> [Data shown]:
———
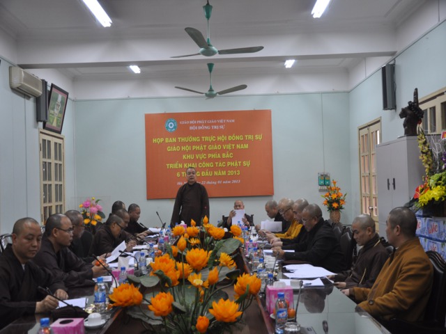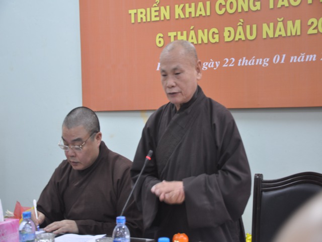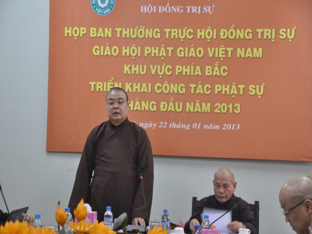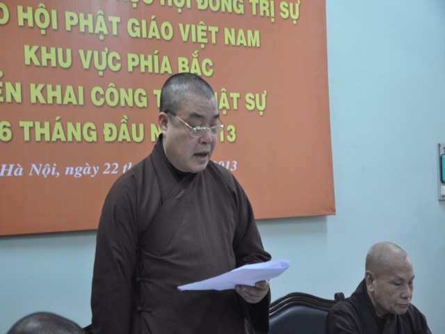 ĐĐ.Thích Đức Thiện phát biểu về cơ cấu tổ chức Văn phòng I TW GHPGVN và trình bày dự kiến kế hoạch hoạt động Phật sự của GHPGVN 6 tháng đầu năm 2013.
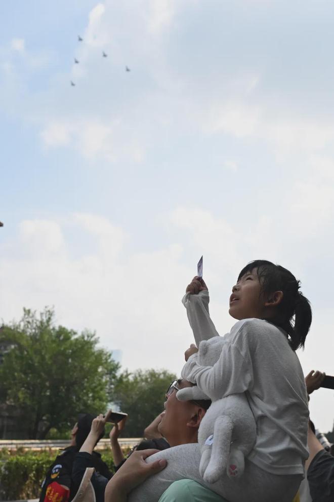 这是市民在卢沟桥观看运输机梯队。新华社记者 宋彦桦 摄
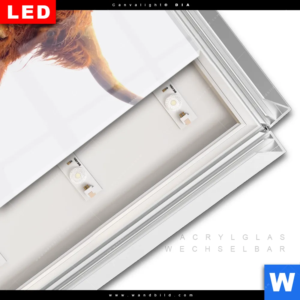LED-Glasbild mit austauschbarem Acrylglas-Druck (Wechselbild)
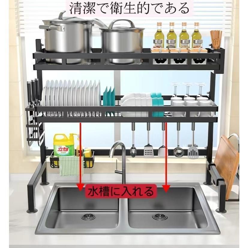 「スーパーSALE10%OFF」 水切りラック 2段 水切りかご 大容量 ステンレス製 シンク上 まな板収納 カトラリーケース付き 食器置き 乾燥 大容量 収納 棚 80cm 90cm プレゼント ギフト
———
> [Exercise goal]: Transcribe the full listing above exactly, with the images removed.

> [Answer section]:
 ĐĐ.Thích Đức Thiện phát biểu về cơ cấu tổ chức Văn phòng I TW GHPGVN và trình bày dự kiến kế hoạch hoạt động Phật sự của GHPGVN 6 tháng đầu năm 2013.
 这是市民在卢沟桥观看运输机梯队。新华社记者 宋彦桦 摄
LED-Glasbild mit austauschbarem Acrylglas-Druck (Wechselbild)
 「スーパーSALE10%OFF」 水切りラック 2段 水切りかご 大容量 ステンレス製 シンク上 まな板収納 カトラリーケース付き 食器置き 乾燥 大容量 収納 棚 80cm 90cm プレゼント ギフト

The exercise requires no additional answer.